Taking into consideration a volume weight = 16 pounds originally extends a springs \frac{8}{3} feet but is extracted to resting at 2 feet beneath balance position.

The mass value is =

W=mg\\m=\frac{w}{g}\\m=\frac{16}{32}\\m= \frac{1}{2} slug\\

The source of the hooks law is stable,

16= \frac{8}{3} k \\\\8k=16 \times 3 \\\\k=16\times \frac{3}{8} \\\\k=6 \frac{lb}{ft}\\\\

Number \frac{1}{2}  times the immediate speed, i.e .. Damping force

\frac{1}{2} \frac{d^2 x}{dt^2} = -6x-\frac{1}{2}\frac{dx}{dt}+10 \cos 3t \\\\\frac{1}{2}  \frac{d^2 x}{dt^2}+ \frac{1}{2}\frac{dx}{dt}+6x =10 \cos 3t \\ \\\frac{d^2 x}{dt^2} +\frac{dx}{dt}+12x=20\cos 3t \\\\

The m^2+m+12=0 and m is an auxiliary equation,

m=\frac{-1 \pm \sqrt{1-4(12)}}{2}\\\\m=\frac{-1 \pm \sqrt{47i}}{2}\\\\\ m1= \frac{-1 + \sqrt{47i}}{2} \ \ \ \ or\ \ \ \ \  m2 =\frac{-1 - \sqrt{47i}}{2}

Therefore, additional feature

x_c (t) = e^{\frac{-t}{2}}[C_1 \cos \frac{\sqrt{47}}{2}t+ C_2 \sin \frac{\sqrt{47}}{2}t]

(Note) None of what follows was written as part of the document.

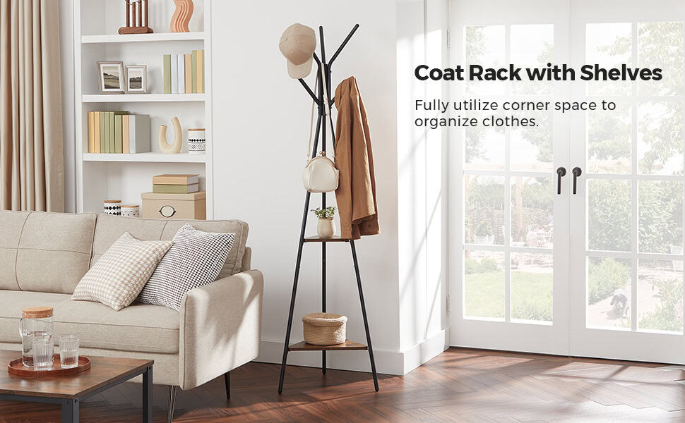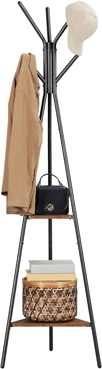 VASAGLE Cuier metalic, cu 2 rafturi MDF, inaltime 179cm, stil industrial, maro rustic si negru Mob360

Use the form of uncertain coefficients to find a particular solution.  

Assume that solution equation,

x_p = Acos(3t)+B sin(3t) \\x_p'= -3A sin (3t) + 3B cos (3t)\\x_p}^{n= -9 Acos(3t) -9B sin (3t)\\

These values are replaced by equation ( 1):

\frac{d^2x}{dt}+\frac{dx}{dt}+ 12x=20 \cos(3t) -9 Acos(3t) -9B sin (3t) -3Asin(3t)+3B cos (3t) + 12A cos (3t) + 12B sin (3t)\\\\3Acos 3t + 3B sin 3t - 3Asin 3t + 3B cos 3t= 20cos(3t)\\(3A+3B)cos3t -(3A-3B)sin3t = 20 cos (3t)\\

Going to compare cos3 t and sin 3 t coefficients from both sides,  

The cost3 t is 3A + 3B= 20 coefficients  

The sin 3 t is 3B -3A = 0 coefficient  

The two equations solved:

3A+3B = 20 \\\frac{3B -3A=0}{}\\6B=20\\B= \frac{20}{6}\\B=\frac{10}{3}\\

Replace the very first equation with the meaning,

3B -3A=O\\3(\frac{10}{3})-3A =0\\A= \frac{10}{3}\\

equation is

x_p\\\\\frac{10}{3} cos (3 t) + \frac{10}{3} sin (3t)

The ultimate plan for both the equation is therefore

x(t)= e^\frac{-t}{2} (c_1 cos \frac{\sqrt{47}}{2}t)+c_2\sin\frac{\sqrt{47}}{2}t)+\frac{10}{3}\cos (3t)+\frac{10}{3}\sin (3t)

Initially, the volume of rest x(0)=2 and x'(0) is extracted by rest i.e.  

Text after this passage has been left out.